Merkez Bankası merakla beklenen faiz kararını açıkladı. 500 bazlık faiz artış kararına ilişkin açıklama yapan ASKON Van Şube Başkanı Şeref Gültepe, faiz artışının enflasyonla mücadelede en güçlü silah olmadığını söyledi.
Başkan Gültepe, ‘’Jeopolitik riskler enerji ve emtia fiyatlarını tetiklemektedir. Bu unsur göz önüne alındığında faiz artışının enflasyonla mücadelede en güçlü silah olmadığı görülmektedir. Bu mücadelede iç piyasaların süratle disipline edilerek yatırıma, çok fazla üretime ve ihracata ağırlık verilmesini gerekmektedir. Yarınların güçlü Türkiye’sinin inşası kesinlikle yatırım, üretim ve katma değeri yüksek ürünlerden geçer.’’ dedi.
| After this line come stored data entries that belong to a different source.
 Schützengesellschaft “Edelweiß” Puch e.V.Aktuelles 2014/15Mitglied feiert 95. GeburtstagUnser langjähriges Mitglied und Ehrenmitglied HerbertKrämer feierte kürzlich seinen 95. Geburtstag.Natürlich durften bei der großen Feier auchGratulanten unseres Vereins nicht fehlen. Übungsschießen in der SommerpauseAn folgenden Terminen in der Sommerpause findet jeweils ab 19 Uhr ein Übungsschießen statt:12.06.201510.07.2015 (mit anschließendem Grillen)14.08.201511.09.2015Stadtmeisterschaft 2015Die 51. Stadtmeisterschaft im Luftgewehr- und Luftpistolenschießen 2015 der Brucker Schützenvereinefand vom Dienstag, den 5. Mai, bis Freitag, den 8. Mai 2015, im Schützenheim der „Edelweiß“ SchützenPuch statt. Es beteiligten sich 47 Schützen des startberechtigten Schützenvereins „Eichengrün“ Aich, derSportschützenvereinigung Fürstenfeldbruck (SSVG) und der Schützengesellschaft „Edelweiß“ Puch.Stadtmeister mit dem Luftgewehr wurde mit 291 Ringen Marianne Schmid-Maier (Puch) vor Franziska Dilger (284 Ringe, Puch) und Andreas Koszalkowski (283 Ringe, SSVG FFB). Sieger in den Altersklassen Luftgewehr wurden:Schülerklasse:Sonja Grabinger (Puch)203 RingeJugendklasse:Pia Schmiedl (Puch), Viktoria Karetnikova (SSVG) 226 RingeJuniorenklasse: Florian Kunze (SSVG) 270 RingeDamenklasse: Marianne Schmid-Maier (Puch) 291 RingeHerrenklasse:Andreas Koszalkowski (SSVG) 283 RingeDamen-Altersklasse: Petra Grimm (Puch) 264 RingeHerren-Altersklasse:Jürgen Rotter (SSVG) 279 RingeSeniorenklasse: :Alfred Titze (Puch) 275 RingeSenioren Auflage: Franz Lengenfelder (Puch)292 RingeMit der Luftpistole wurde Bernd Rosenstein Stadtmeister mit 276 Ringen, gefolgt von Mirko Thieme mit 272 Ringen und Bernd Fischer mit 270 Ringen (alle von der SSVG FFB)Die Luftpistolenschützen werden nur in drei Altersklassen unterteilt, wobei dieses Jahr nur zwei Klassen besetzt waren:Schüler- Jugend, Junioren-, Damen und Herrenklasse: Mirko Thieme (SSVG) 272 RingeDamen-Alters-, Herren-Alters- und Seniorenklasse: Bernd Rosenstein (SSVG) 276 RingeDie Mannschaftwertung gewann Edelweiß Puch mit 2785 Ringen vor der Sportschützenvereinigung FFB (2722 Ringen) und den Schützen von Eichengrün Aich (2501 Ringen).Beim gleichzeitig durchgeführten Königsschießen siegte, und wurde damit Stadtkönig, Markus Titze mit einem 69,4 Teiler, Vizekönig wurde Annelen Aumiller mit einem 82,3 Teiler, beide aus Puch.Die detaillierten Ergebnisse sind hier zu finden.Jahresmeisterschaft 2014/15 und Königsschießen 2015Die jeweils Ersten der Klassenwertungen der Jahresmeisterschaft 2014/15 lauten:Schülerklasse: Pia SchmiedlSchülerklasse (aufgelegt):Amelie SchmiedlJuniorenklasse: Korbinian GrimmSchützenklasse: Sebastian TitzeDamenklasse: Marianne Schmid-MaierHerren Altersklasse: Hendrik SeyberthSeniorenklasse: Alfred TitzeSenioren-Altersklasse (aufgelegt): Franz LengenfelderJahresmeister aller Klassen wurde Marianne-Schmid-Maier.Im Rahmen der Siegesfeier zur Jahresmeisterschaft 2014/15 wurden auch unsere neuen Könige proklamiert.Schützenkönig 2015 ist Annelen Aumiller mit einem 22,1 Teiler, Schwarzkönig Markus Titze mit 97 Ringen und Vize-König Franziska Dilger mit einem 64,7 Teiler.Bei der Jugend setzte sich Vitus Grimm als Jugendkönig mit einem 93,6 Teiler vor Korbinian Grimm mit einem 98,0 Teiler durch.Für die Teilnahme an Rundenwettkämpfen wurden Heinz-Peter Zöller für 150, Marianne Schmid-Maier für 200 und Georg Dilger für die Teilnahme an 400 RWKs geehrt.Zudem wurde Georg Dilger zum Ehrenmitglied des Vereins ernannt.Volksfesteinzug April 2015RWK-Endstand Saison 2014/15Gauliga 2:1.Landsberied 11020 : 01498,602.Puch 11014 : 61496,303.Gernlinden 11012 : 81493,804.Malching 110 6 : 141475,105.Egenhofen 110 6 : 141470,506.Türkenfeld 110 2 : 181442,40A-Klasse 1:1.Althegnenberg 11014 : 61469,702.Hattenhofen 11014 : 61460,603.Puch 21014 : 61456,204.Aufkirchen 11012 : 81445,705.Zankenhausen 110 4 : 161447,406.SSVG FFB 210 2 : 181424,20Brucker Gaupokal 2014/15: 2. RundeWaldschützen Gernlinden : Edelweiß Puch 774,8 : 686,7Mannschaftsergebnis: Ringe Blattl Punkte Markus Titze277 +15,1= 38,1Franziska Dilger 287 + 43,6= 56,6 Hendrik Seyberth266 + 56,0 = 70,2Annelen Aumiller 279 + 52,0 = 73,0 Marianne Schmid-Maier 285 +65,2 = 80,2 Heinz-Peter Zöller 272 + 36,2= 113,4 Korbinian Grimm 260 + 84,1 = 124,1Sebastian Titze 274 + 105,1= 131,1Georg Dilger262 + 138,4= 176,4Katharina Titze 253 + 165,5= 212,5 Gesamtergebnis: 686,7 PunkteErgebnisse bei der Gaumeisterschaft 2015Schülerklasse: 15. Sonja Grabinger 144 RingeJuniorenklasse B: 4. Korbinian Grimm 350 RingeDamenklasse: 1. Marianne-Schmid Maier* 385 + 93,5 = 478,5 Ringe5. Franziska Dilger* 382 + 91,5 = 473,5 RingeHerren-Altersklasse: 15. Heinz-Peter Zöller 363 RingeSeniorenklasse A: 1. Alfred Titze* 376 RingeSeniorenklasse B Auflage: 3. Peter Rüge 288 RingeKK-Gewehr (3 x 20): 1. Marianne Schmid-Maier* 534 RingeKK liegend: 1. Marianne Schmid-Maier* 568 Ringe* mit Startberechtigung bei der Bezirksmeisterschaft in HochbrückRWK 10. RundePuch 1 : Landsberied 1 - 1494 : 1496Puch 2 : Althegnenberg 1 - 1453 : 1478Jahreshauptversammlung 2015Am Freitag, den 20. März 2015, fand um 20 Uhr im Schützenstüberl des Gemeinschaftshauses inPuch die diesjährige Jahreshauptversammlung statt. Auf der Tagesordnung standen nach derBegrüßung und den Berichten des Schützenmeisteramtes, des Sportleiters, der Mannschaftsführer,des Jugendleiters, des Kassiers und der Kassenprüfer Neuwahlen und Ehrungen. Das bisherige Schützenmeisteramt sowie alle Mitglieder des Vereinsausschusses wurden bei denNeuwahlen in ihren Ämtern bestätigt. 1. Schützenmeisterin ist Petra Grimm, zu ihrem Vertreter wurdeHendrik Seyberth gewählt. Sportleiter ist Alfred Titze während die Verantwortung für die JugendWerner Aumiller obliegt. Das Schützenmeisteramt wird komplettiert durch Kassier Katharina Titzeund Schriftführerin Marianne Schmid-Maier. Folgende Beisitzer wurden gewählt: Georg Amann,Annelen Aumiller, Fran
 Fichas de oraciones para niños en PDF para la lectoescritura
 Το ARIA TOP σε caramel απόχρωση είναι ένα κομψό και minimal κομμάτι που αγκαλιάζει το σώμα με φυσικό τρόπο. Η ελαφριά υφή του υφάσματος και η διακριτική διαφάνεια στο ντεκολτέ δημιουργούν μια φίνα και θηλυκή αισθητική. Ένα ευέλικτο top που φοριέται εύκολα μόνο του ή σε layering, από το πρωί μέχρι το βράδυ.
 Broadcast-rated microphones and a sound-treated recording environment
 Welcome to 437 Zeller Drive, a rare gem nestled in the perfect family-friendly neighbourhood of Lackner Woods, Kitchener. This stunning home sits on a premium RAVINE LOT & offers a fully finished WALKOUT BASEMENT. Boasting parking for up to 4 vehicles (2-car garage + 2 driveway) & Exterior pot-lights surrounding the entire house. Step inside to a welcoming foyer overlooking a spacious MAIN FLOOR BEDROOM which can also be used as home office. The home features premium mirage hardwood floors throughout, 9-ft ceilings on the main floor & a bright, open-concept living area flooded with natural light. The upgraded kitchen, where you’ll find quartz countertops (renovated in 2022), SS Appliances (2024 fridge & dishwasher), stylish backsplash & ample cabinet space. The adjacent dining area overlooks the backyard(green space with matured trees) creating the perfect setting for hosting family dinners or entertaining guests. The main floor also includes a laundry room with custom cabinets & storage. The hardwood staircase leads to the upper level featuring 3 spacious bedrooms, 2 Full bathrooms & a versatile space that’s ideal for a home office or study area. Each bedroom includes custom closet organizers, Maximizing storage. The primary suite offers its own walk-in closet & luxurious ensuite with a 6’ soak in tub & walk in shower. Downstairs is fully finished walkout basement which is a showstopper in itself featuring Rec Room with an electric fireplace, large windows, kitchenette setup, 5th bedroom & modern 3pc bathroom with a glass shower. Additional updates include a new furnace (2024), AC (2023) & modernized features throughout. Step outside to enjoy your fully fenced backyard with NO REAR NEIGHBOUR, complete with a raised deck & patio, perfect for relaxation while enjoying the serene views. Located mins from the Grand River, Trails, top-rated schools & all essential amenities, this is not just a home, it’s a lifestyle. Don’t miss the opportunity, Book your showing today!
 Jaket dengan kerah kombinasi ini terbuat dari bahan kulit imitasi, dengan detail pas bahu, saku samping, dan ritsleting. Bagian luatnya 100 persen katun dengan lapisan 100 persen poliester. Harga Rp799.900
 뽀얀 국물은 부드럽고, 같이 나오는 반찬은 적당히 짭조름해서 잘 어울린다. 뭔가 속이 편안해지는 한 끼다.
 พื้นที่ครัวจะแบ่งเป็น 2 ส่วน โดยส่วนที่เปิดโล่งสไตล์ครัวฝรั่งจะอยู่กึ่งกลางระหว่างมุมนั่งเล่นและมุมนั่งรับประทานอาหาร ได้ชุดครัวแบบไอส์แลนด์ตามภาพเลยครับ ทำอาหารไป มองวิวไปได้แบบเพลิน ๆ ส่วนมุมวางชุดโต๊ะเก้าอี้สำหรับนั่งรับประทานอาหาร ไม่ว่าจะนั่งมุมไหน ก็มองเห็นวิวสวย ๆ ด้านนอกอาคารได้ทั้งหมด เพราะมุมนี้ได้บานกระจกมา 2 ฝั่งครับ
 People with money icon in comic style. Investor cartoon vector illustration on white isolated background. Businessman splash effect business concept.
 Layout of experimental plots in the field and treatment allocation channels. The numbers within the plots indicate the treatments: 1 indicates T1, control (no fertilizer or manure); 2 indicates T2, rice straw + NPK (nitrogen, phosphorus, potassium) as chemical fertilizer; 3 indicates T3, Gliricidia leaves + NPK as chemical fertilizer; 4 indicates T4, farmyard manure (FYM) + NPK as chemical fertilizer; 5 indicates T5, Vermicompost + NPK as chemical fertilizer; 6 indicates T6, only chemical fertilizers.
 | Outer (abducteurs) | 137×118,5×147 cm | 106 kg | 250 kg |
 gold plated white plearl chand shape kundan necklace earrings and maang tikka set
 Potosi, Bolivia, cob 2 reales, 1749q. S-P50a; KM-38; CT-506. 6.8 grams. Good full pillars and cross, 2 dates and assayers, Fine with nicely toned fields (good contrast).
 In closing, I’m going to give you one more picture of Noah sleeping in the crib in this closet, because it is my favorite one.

“FAİZ ARTIŞI ENFLASYONLA MÜCADELEDE PEK ETKİN GÖRÜLMEMEKTEDİR”
Faiz artışının enflasyonla mücadelede etkin olmadığını belirten Başkan Şeref Gültepe, “Genel seçimler sonrası yeni ekonomi modeli ile enflasyona karşı verilen mücadelede faiz silahı öncelik olmuştur. Ne var ki, jeopolitik risklerin artması, sermayenin güvenli liman arayışları nedeni ile iyimser bir hava oluşmamaktadır. Bunun yanı sıra oluşan risk ortamında kur ve emtia kaynaklı artışlar gelebilir. 2024 yılı enflasyon beklentileri noktasında bir düzenleme görebiliriz Bu atmosferde faiz artışı enflasyonla mücadelede pek etkin görülmemektedir. Yatırımın ve üretimin önünde büyük engel olan faiz, finansa erişimi zorlaştırmakta, istihdama engel olmakta ve büyüyen ekonomimize el freni görevi görmektedir. Enflasyonla mücadele elbette ki önemlidir. Lakin Türkiye’de yüzde 35’lik faiz oranı ziyadesi ile yüksek bir seviyeye ulaşmıştır. Faizlerin daha da yükselmemesi için enflasyonun süratle aşağı çekilmesi gerekmektedir. Bunun yöntemi de farklı argümanları devreye sokarak yerinde ve zamanında dinamik kararlar almayı gerektirir. Ticaret bakanlığımızın son dönemlerde otomotiv, inşaat, gıda gibi sektörlerde aldığı tedbirlerin meyvesini nasıl verdiğini hep birlikte gördük. Bu bağlamda piyasa aktörlerin yakından takip edilerek, ilgili mercilerin gerektiğinde ivedi bir şekilde devreye girmesi sağlanmalıdır. Bu nedenle tekrardan belirmek isteriz ki, yarınların güçlü Türkiye’sinin inşası kesinlikle yatırım, üretim ve katma değeri yüksek ürünlerden geçer. Yönümüzü üretimi artıracak politikalara çevirmemiz ülkemizin yarınların için daha hayırlı olacaktır.” diye konuştu.